_Provided information:_
--------------------------------------------------

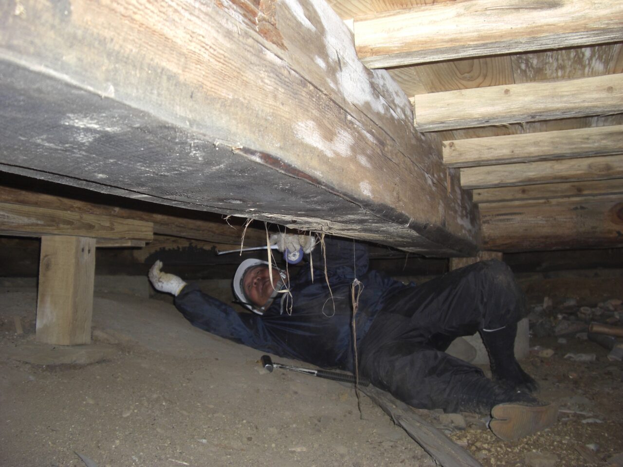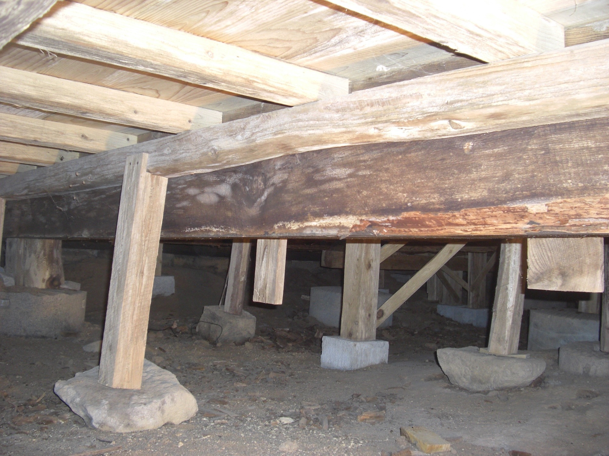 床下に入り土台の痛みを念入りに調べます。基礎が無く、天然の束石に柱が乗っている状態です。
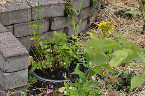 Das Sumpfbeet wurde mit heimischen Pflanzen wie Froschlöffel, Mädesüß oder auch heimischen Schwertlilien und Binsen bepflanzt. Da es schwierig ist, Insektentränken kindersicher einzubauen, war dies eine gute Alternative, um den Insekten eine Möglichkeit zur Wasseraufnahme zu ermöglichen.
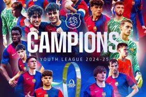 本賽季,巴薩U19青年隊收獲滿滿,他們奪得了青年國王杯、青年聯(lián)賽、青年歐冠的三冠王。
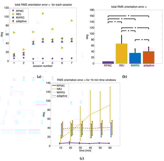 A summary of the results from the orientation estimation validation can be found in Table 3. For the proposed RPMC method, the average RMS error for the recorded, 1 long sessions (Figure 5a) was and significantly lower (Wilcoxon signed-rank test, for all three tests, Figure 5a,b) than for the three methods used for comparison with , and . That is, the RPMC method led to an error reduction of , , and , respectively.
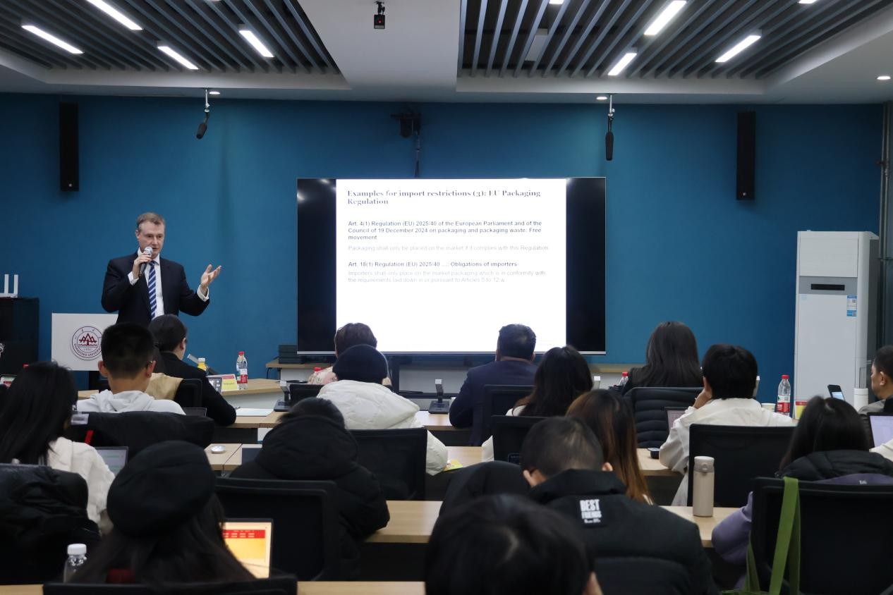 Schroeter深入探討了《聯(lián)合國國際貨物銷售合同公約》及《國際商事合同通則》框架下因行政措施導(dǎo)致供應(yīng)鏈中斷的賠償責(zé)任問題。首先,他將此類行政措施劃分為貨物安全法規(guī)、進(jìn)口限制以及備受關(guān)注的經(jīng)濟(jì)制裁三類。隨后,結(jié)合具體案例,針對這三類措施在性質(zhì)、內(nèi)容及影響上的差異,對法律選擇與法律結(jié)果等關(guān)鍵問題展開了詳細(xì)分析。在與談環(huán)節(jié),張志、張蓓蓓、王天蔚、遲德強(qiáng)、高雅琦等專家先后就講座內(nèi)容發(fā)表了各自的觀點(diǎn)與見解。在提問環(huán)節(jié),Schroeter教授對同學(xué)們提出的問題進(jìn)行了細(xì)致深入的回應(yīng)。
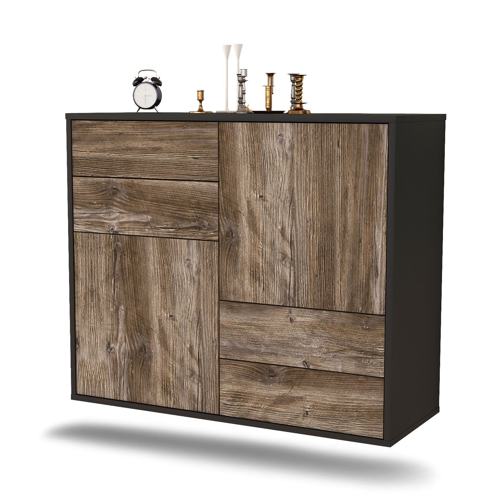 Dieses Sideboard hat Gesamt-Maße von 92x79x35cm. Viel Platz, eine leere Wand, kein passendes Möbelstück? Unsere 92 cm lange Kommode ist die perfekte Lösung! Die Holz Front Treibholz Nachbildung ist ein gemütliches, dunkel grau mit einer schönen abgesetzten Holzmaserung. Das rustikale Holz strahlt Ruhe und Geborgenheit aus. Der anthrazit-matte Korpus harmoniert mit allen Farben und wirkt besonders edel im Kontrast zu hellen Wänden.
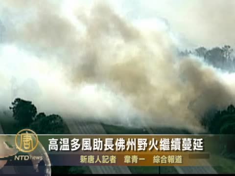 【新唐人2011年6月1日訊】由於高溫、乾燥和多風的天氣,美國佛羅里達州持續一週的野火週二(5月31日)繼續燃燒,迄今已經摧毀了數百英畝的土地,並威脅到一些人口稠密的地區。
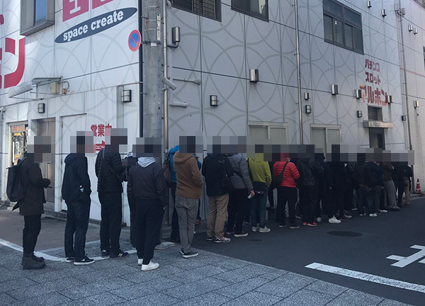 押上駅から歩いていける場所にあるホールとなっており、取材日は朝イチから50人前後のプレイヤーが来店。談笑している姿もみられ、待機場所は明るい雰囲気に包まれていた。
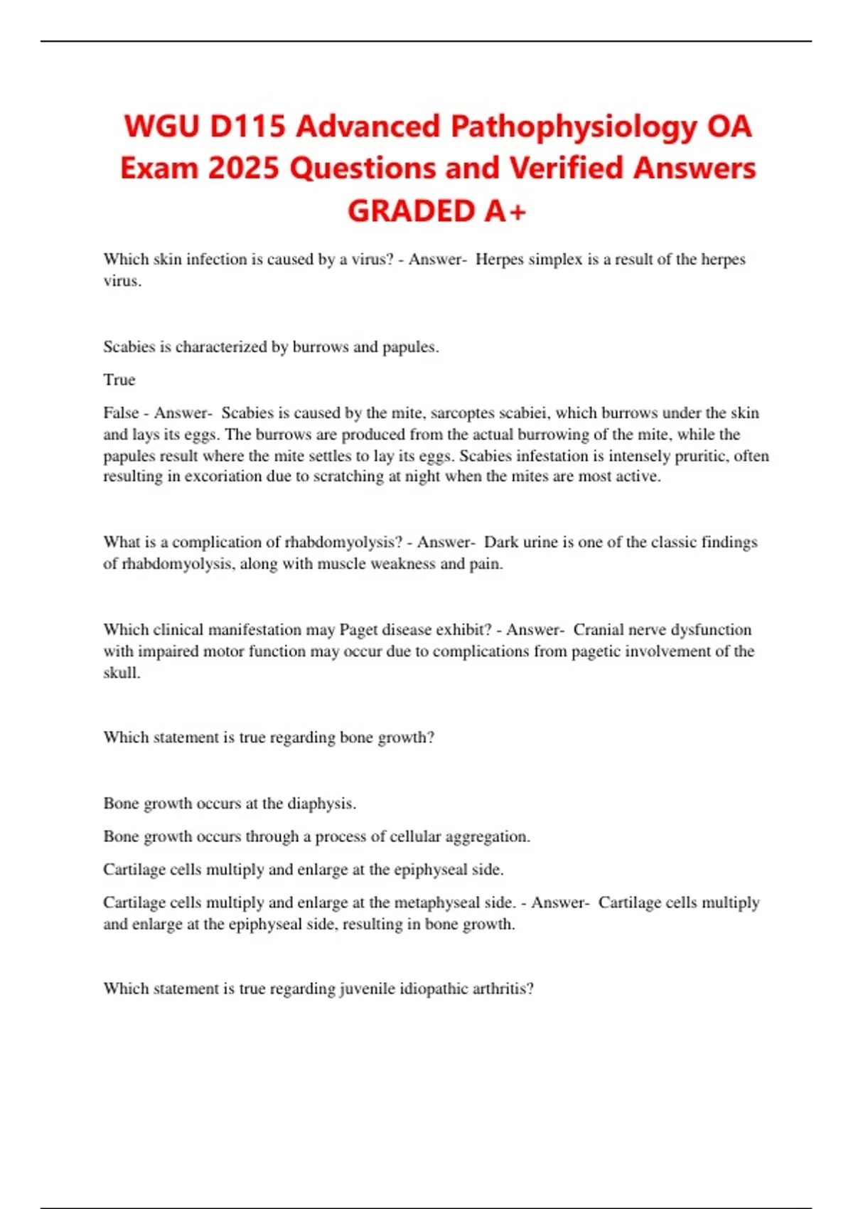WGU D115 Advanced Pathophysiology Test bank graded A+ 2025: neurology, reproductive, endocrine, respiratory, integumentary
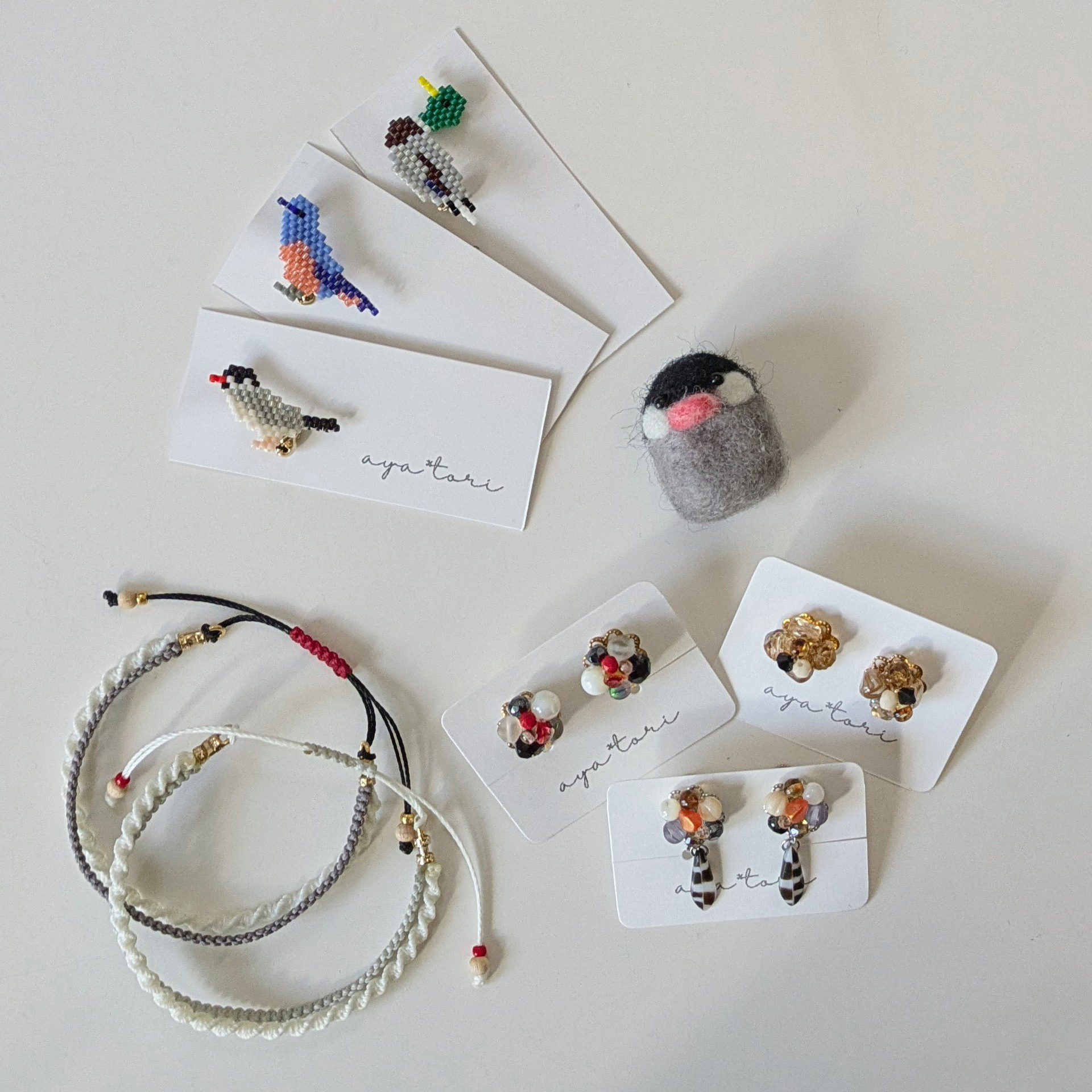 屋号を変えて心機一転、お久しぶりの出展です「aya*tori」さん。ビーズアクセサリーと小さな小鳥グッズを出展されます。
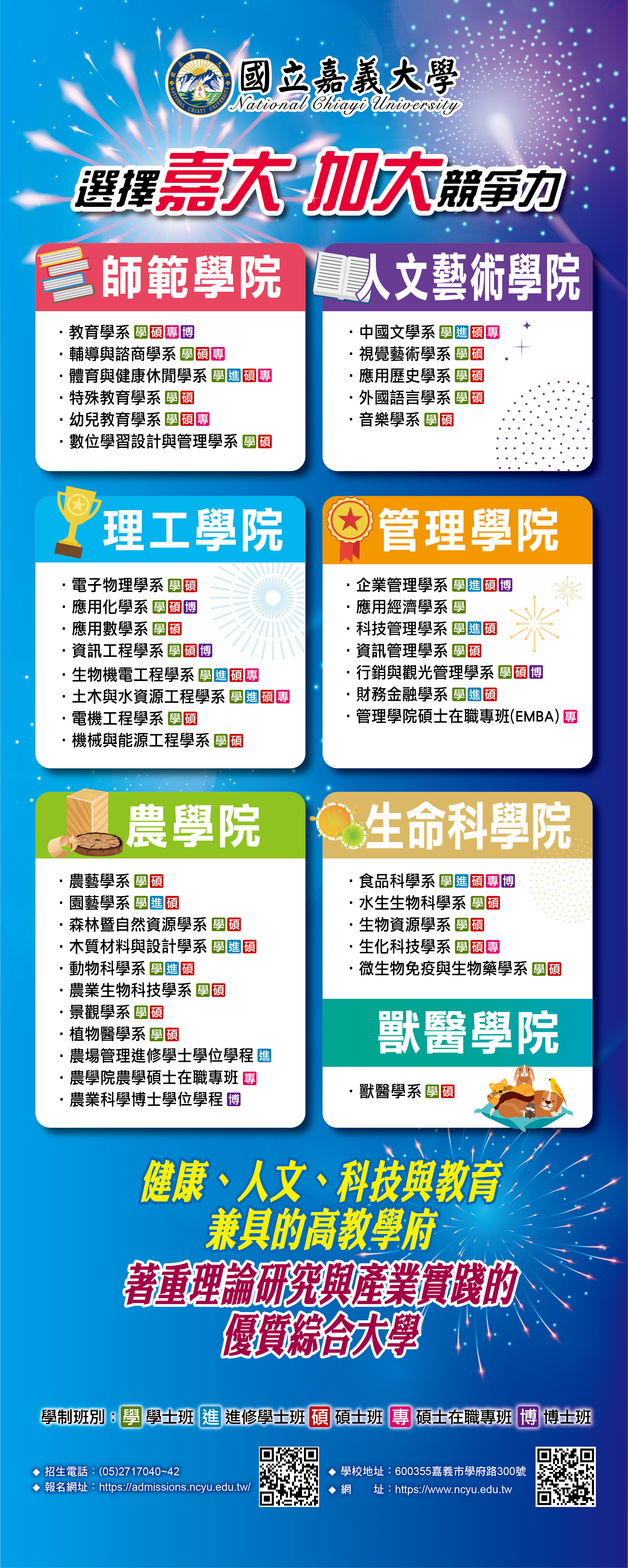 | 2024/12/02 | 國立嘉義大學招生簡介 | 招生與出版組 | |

--------------------------------------------------

_Exercise details:_ Please retype the lines from the one containing "押上駅から歩いていける場所に" through the last line of the records above, exactly as written, and leave out any pictures.

_Response:_
 押上駅から歩いていける場所にあるホールとなっており、取材日は朝イチから50人前後のプレイヤーが来店。談笑している姿もみられ、待機場所は明るい雰囲気に包まれていた。
WGU D115 Advanced Pathophysiology Test bank graded A+ 2025: neurology, reproductive, endocrine, respiratory, integumentary
 屋号を変えて心機一転、お久しぶりの出展です「aya*tori」さん。ビーズアクセサリーと小さな小鳥グッズを出展されます。
 | 2024/12/02 | 國立嘉義大學招生簡介 | 招生與出版組 | |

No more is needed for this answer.